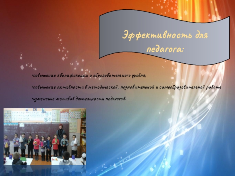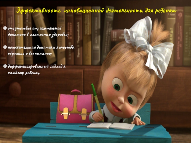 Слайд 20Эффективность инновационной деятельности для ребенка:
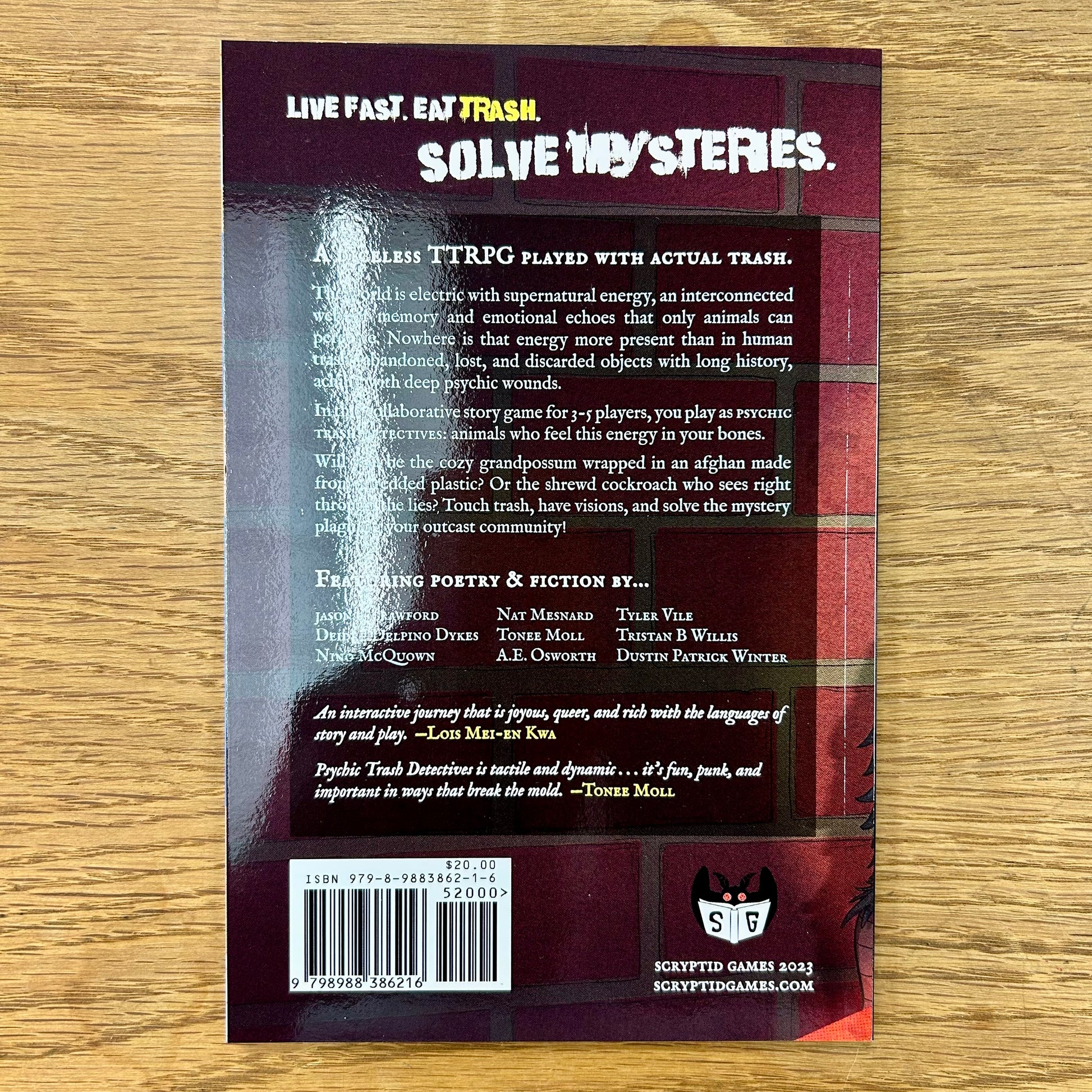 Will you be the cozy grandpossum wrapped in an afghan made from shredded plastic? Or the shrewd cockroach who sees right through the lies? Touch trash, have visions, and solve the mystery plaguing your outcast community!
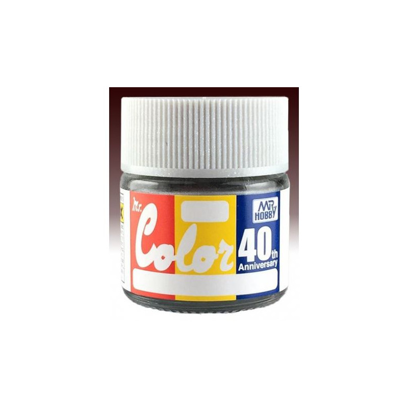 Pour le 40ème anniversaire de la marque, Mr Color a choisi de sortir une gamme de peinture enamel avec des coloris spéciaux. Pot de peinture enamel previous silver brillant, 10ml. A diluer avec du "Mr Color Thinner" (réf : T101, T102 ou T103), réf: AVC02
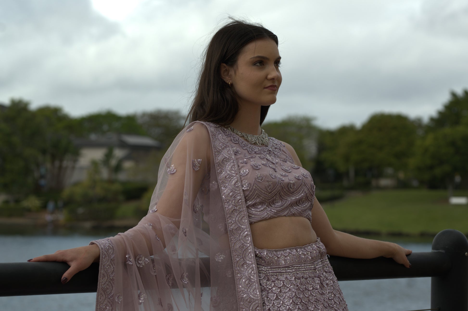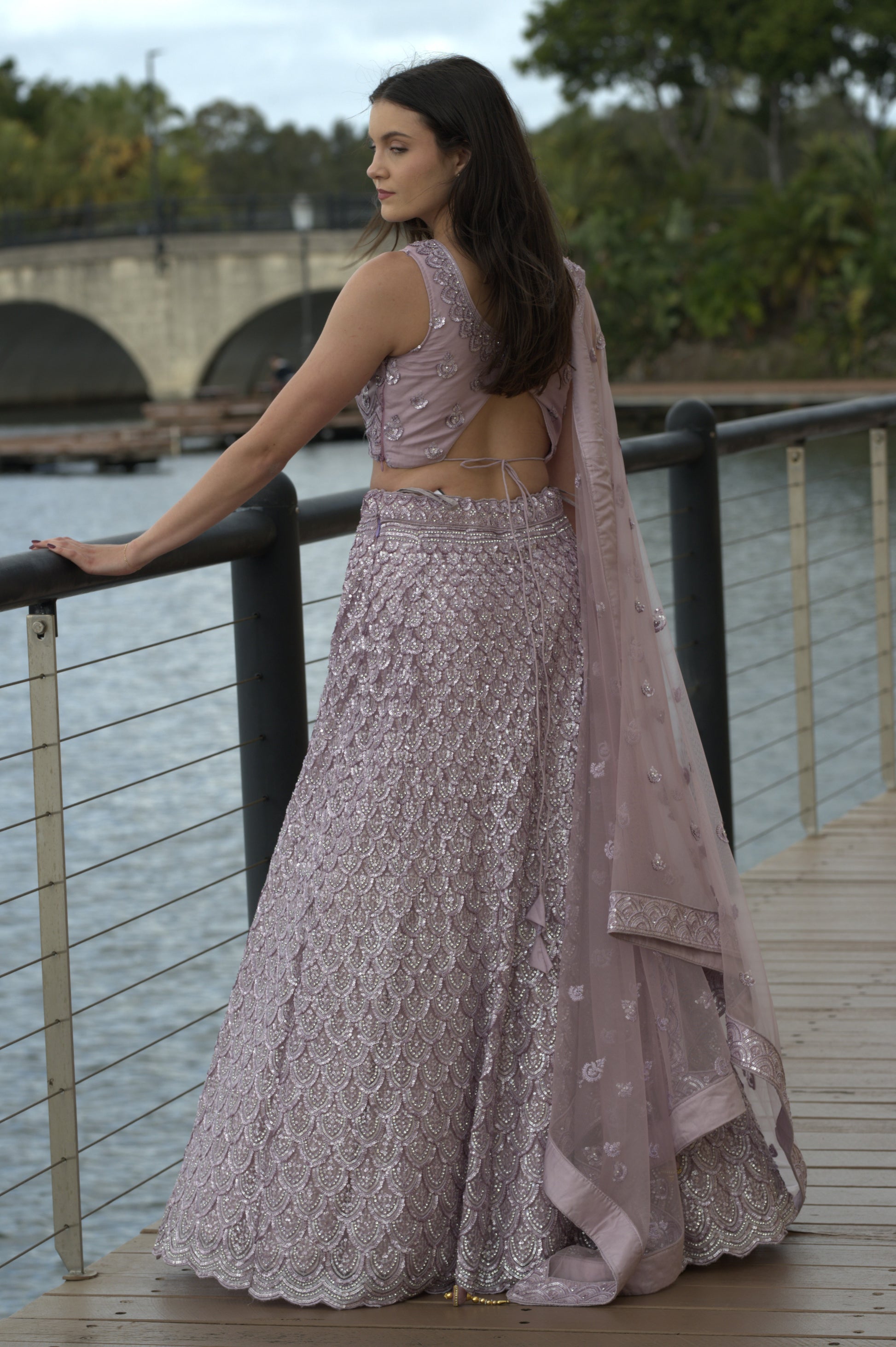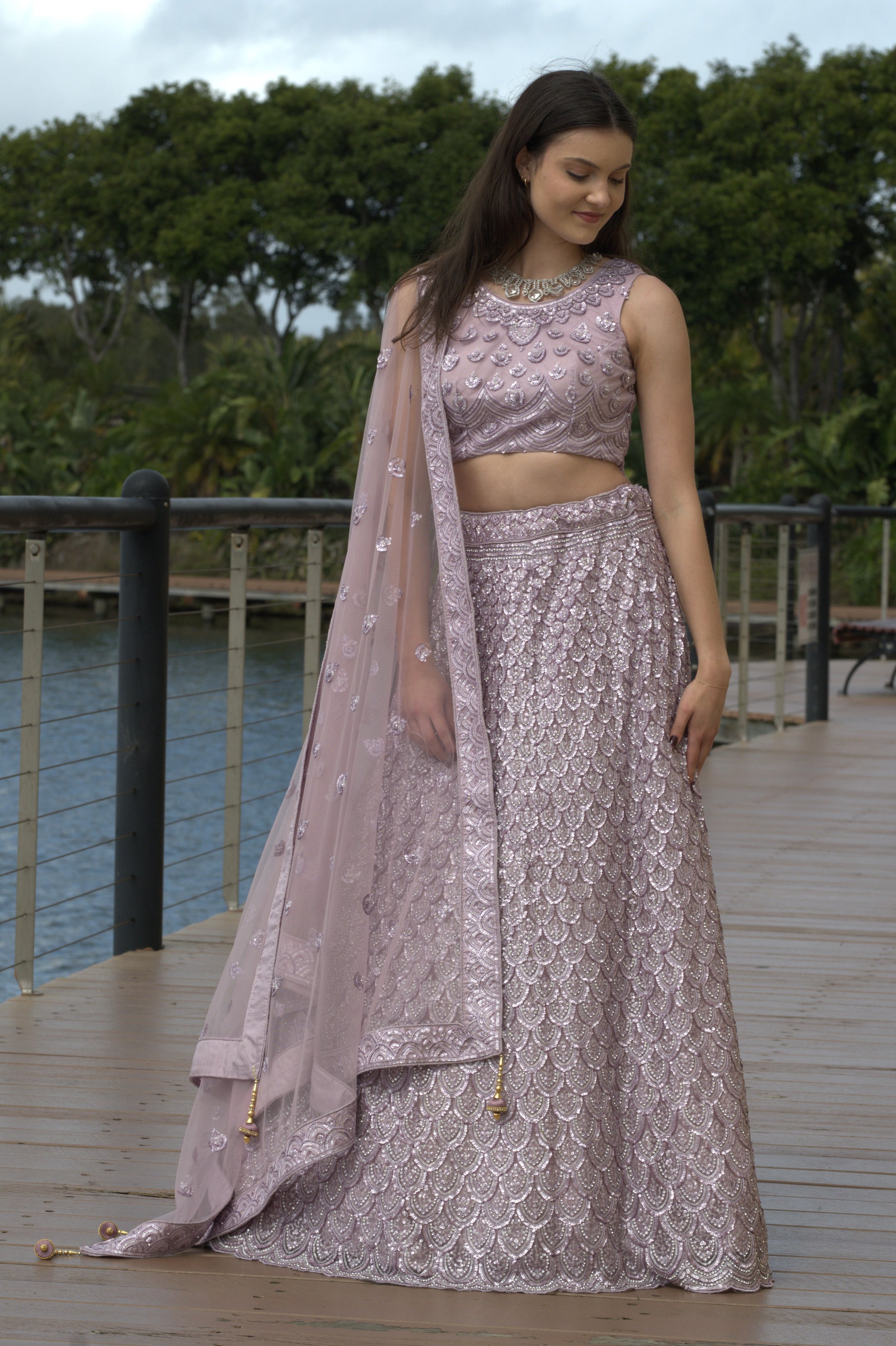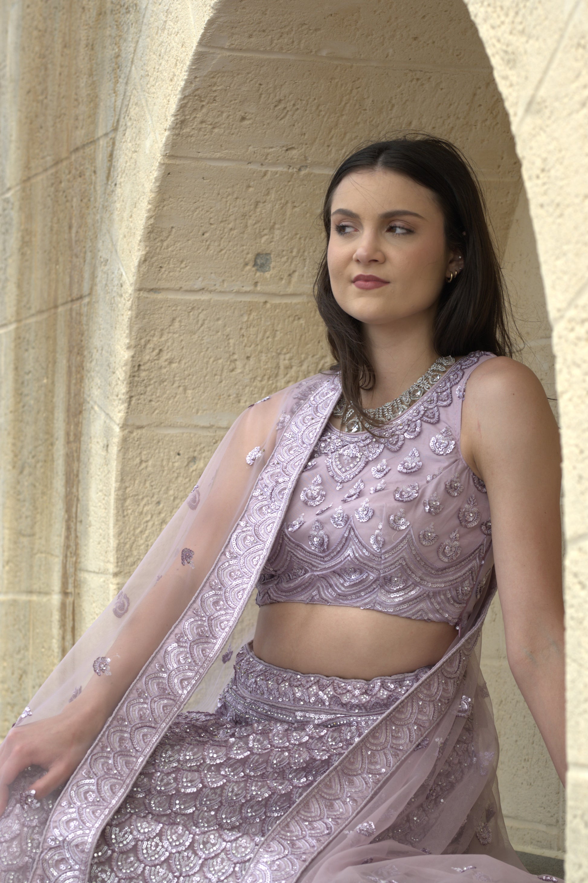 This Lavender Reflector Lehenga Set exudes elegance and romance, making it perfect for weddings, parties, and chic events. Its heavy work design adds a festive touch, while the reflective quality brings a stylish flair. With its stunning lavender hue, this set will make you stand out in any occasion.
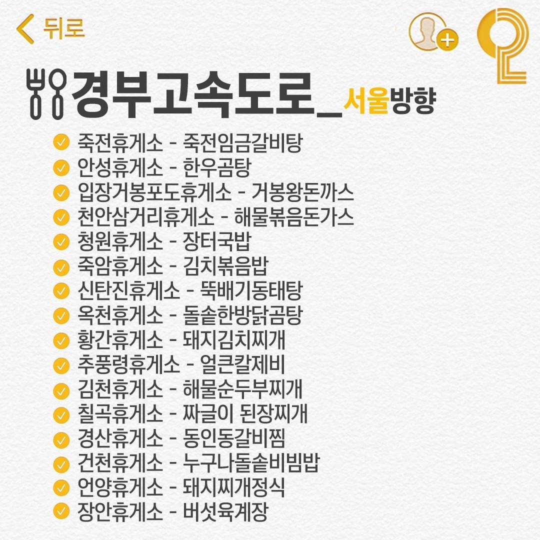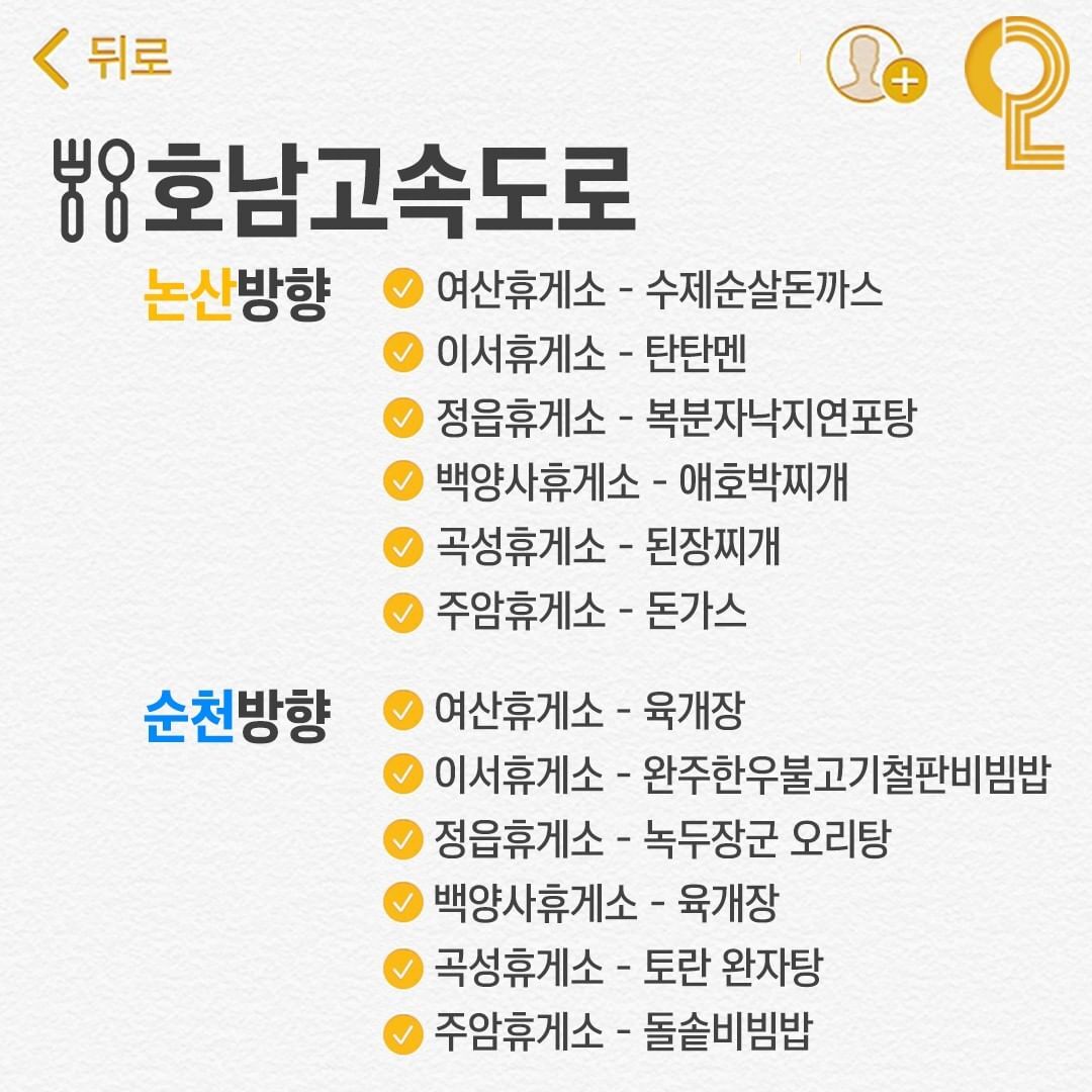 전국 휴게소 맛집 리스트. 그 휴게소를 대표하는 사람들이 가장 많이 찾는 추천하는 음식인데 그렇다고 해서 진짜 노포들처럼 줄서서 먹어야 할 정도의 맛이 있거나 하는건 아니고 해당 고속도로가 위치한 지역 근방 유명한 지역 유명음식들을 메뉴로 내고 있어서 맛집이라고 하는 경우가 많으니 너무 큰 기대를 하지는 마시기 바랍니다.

****************************************

> Problem requirements
Make an exact copy of the listing above. Its pictures are not needed.

> Result of this exercise
 Слайд 20Эффективность инновационной деятельности для ребенка:
 Will you be the cozy grandpossum wrapped in an afghan made from shredded plastic? Or the shrewd cockroach who sees right through the lies? Touch trash, have visions, and solve the mystery plaguing your outcast community!
 Pour le 40ème anniversaire de la marque, Mr Color a choisi de sortir une gamme de peinture enamel avec des coloris spéciaux. Pot de peinture enamel previous silver brillant, 10ml. A diluer avec du "Mr Color Thinner" (réf : T101, T102 ou T103), réf: AVC02
 This Lavender Reflector Lehenga Set exudes elegance and romance, making it perfect for weddings, parties, and chic events. Its heavy work design adds a festive touch, while the reflective quality brings a stylish flair. With its stunning lavender hue, this set will make you stand out in any occasion.
 전국 휴게소 맛집 리스트. 그 휴게소를 대표하는 사람들이 가장 많이 찾는 추천하는 음식인데 그렇다고 해서 진짜 노포들처럼 줄서서 먹어야 할 정도의 맛이 있거나 하는건 아니고 해당 고속도로가 위치한 지역 근방 유명한 지역 유명음식들을 메뉴로 내고 있어서 맛집이라고 하는 경우가 많으니 너무 큰 기대를 하지는 마시기 바랍니다.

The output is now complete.